Michael expelled a soft breath, his still face full of emotion. "Wait here, Sydney," he whispered. "Don't move, and be very quiet."
"Why?"
"Shh." He smiled. "Another gift." And he was gone, silent as a shadow.
She listened intently, but she couldn't hear anything except the sounds of dusk, crickets tuning, sleepy birds chirping. And the lake lapping against the shore, soft slapping sounds tonight, familiar as her own heartbeat.
What would become of Michael MacNeil? She wasn't sure if he'd had the fortune or the misfortune to end up in the custody of her scatterbrained father. She worried about him more every day; the longer she knew him, the more she wanted for him. And feared for him. He was such an innocent, in some ways a child in a man's body. How would he make his way in the wicked world? She wanted to sit her father down and make him
concentrate,
focus on this intriguing problem that had fallen into his lap, and come up with a
plan.
Michael must live from day to day, moment to moment, with no idea of a future, no shape to it in his mind. It wasn't fair, and it wasn't kind. By a trick of fate he'd become the Winter family's responsibility, and she was impatient for all of them to start shouldering it.
"Sydney."
She barely heard her name, he'd whispered it so quietly. He was behind her—how had he gotten there?—but she didn't move, didn't even turn her head, because he'd told her not to. Without a sound, he sat down on the bench, but facing the other way, so the right side of his body grazed the right side of hers. With slow and careful movements, they turned toward each other.
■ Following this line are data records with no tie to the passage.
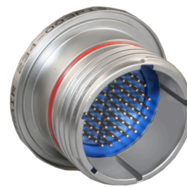
Weld Mount Receptacle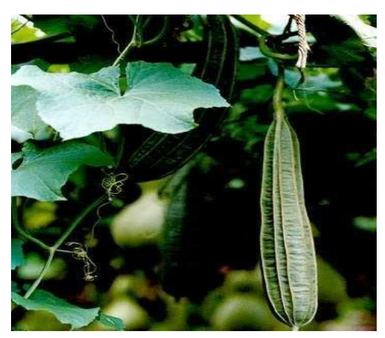
Figure 1 : Leaves of Luffa acutangula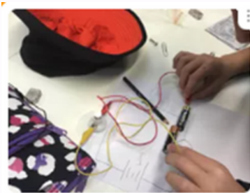
It worked! The light bulb lit up

She wasn't surprised to see him cradling something in his hands. In her heart she even knew what it was, although her mind still told her it couldn't be. Slowly, so slowly, he opened the soft box his hands made, and inside, calm and beautiful, its little heart beating fast, sat the wood thrush.
Sydney was afraid to move, couldn't even sigh. The bird had huge black eyes and rust-colored wing feathers and a speckled breast. Michael breathed, "I took her from her nest. She has four eggs. I must let her go soon."
Sydney gave one slow, careful nod. She was still holding her breath. She wanted to stroke the sleek curve of the head, feel the flicker of the pulse in the warm throat, but she didn't dare. "She's wonderful. So lovely." And she wasn't afraid, or else Michael had put a spell on her. His hand on top was soothing, not holding her, and still the bird was motionless, the shiny eyes alert but not frightened.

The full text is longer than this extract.